I’m doing okay, really. I think I did most of my heavy mourning last week. This week I am simply…well, I’m sad (and a little bit foggy headed), but also hopeful. I am still very, very hopeful.

Thank you to so many of you who have been calling and writing. I really can’t explain to you what it means to me to be poured into the way you have encouraged me. One friend emailed last week and shared with me something I had never before considered. An excerpt from her email:

 The words “wait” and “hope” are often translated from the same Hebrew word.

Isaiah 40:31: “Those who wait for the Lord will gain new strength; they will mount up with wings like eagles, they will run and not get tired, they will walk and not become weary.”

The word “wait” there is qavah, which means “to look for, hope, expect… to wait or look eagerly for.”

May you, Lee, Sloan, Tia, and Landon take courage as you continue to wait and hope, because of the One on whom you are waiting and in whom your hope rests.

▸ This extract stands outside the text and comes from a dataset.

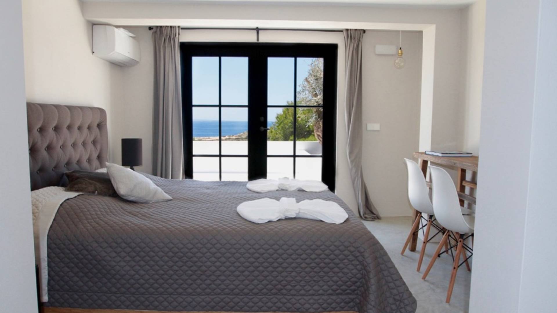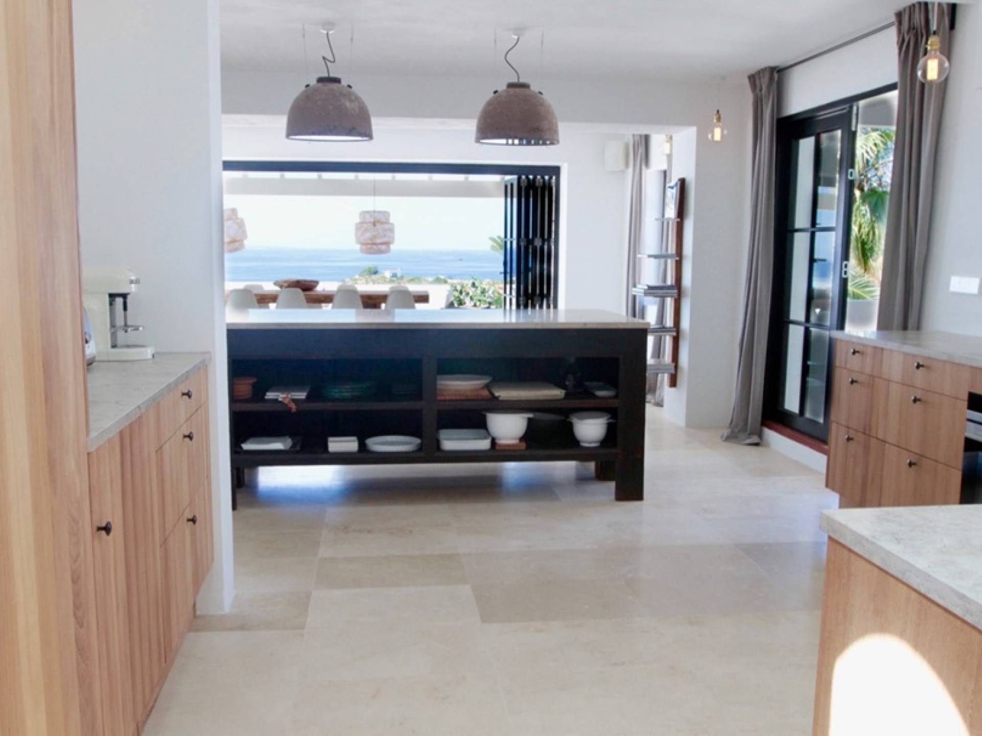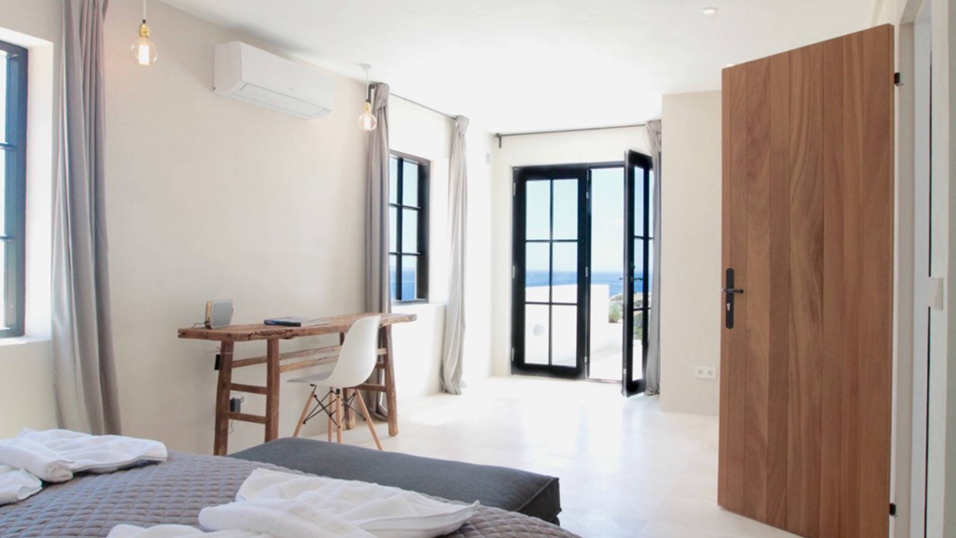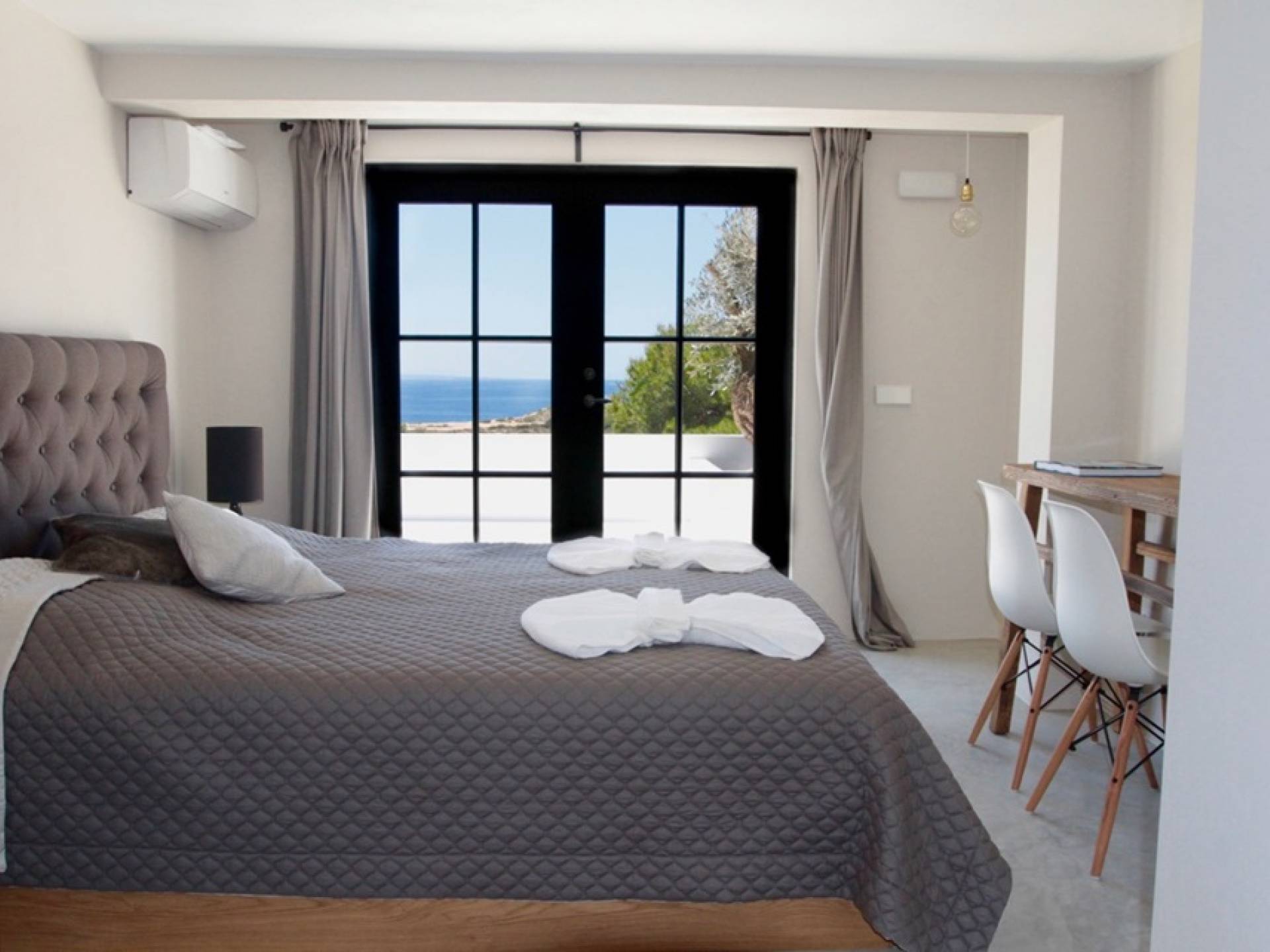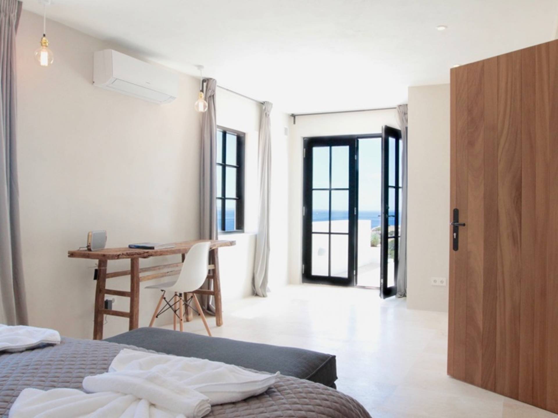 Στο κεντρικό επίπεδο, οι πόρτες του μεγάλου καθιστικού γλιστρούν και ανοίγουν σε μια βεράντα με τραπεζαρία για 12 άτομα και απίστευτη θέα στη θάλασσα. Θα βρείτε επίσης μια πλήρως εξοπλισμένη κουζίνα με νησίδα κουζίνας 3 μέτρων, σαλόνι με άνετους καναπέδες και βεστιάριο επισκεπτών με WC. Η πλήρως εξοπλισμένη κουζίνα διαθέτει τα εξής: 2 x ενσωματωμένο ψυγείο και 1 x καταψύκτη, 2 x πλυντήρια πιάτων, 4 μονάδες επαγωγής πιάτων, 1 x φούρνο με γκριλ, φούρνο μικροκυμάτων, καφετιέρα Nespresso, αποχυμωτή. Το χαμηλότερο επίπεδο διαθέτει γυμναστήριο, μεγάλη αίθουσα παιχνιδιού/κινηματογράφου με τηλεόραση επίπεδης οθόνης 55 ιντσών και βεστιάριο επισκεπτών με τουαλέτα. Διατίθενται σταθμοί βάσης για iPod σε όλους τους χώρους και η βίλα διαθέτει internet υψηλής ταχύτητας οπτικών ινών (σπάνιο στο νησί) με μέση ταχύτητα λήψης 50 MB, αλλά αυτό ποικίλλει. Καθώς αυτή η βίλα βρίσκεται σε κατοικημένη περιοχή, υπάρχει μηδενική ανοχή όσον αφορά τη μουσική και τον δυνατό θόρυβο μεταξύ 23:00 και 10:00. Η βίλα προστατεύεται καλά με εσωτερικό και εξωτερικό σύστημα συναγερμού συνδεδεμένο με GPS Security. Παρέχονται κούνιες, παιδικά καρεκλάκια και μια επιλογή από παιχνίδια και παιδικές τσάντες φασολιών.

While it seems that my dreams of adopting from Russia are coming to an end, I’m not entirely sure my dreams of adopting a child are ending. I spoke with another dear friend yesterday who gave me the freedom to mourn this loss before immediately moving on.

Because this really is a loss. One doesn’t easily give up a lifelong dream. I am allowing myself the space needed to release this heartache before moving on. And in the meantime, we are researching our options and praying for a new revelation – a common dream.

The kids and I discussed this development yesterday and I was so concerned with how they might react. But they surprised me – especially Tia. After we talked about it, I stood at the table and brushed her hair. She is my child who locks things up inside so I wanted to pry a little to see what she was thinking.

“Are you okay with everything that’s going on with the adoption?” I asked.

“Yeah,” she said with a nod.

“Good. If you want to talk about anything or have questions, let me know okay?”

“Okay.” She turned and locked eyes with me. “I’m just gonna wait for my little sister to come home…Hey Mom! Can I have some Nutella?”

You know how you mourn a dying dream? You lean on the faith of a child and you eat a little Nutella.